Leider klappt es nicht... Irgend etwas muss noch anders sein, als mit nem richtigen Browser. So wie es jetzt ist, meldet der Zielserver: "Fehler 12002: - falsche Boundary Key"
k.A. was mir die Meldung sagen will, fakt us nur, das passiert nicht, wenn ich manuell über den Browser uploade.


----------



## kay73 (24. Mai 2010)

Dann musst Du den Paketverkehr mitschneiden und vergleichen. Vielleicht schummelt ein JavaScript einen Parameter in das Form, um das Uploaden für Nicht-Browser zu erschweren. 

Eine "Boundary" kommt im Multipart-Standard als Trenner zwischen den Abschnitten vor; aber hieße der Client würde das Forumlar falsch formatieren. Unwahrscheinlich.


----------



## FriFra (24. Mai 2010)

Es muss doch möglich sein, den Upload eines simplen HTML-Formulars (s. erstes Post) mit diesen Komponenten zu realisieren... die URL inkl. Parameter ist korrekt und es gibt nur ein einziges Feld...



kay73 hat gesagt.:


> aber hieße der Client würde das Forumlar falsch formatieren. Unwahrscheinlich.

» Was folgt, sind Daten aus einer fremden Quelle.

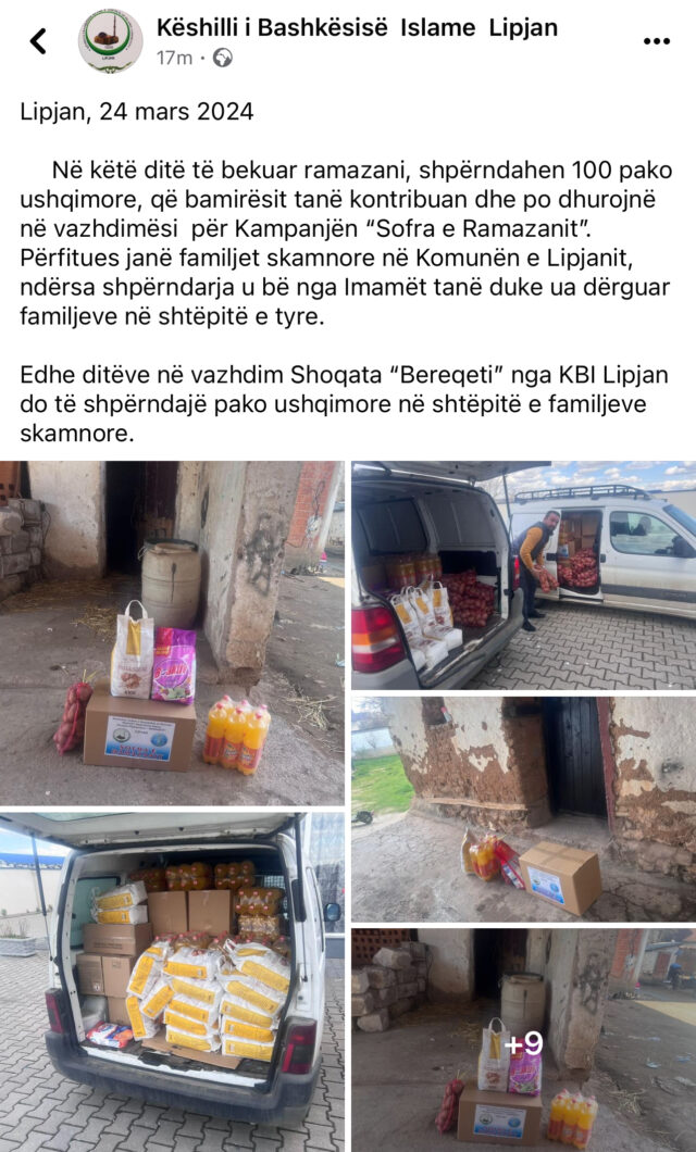 KBI në Lipjan ka njoftuar se në këtë ditë të bekuar ramazani, shpërndahen 100 pako ushqimore.

Einzige Möglichkeit! IE - kein Problem, FF - kein Problem, apache - klappt nicht ... alle mit der gleichen Datei.


----------



## kay73 (24. Mai 2010)

Natürlich geht das; wird nur ein Detail sein (HTTP-Version, chunked encoding erwartet, falscher Entity-Name, User-Agent faken). Schneide halt mit wireshark die beiden POSTS mit und vergleiche sie. So habe ich schon schwierigere Formularuploads erledigt.


----------



## FriFra (24. Mai 2010)

Wireshark schmiert auf meinem Testrechner permanent ab... damit komme ich nicht weiter.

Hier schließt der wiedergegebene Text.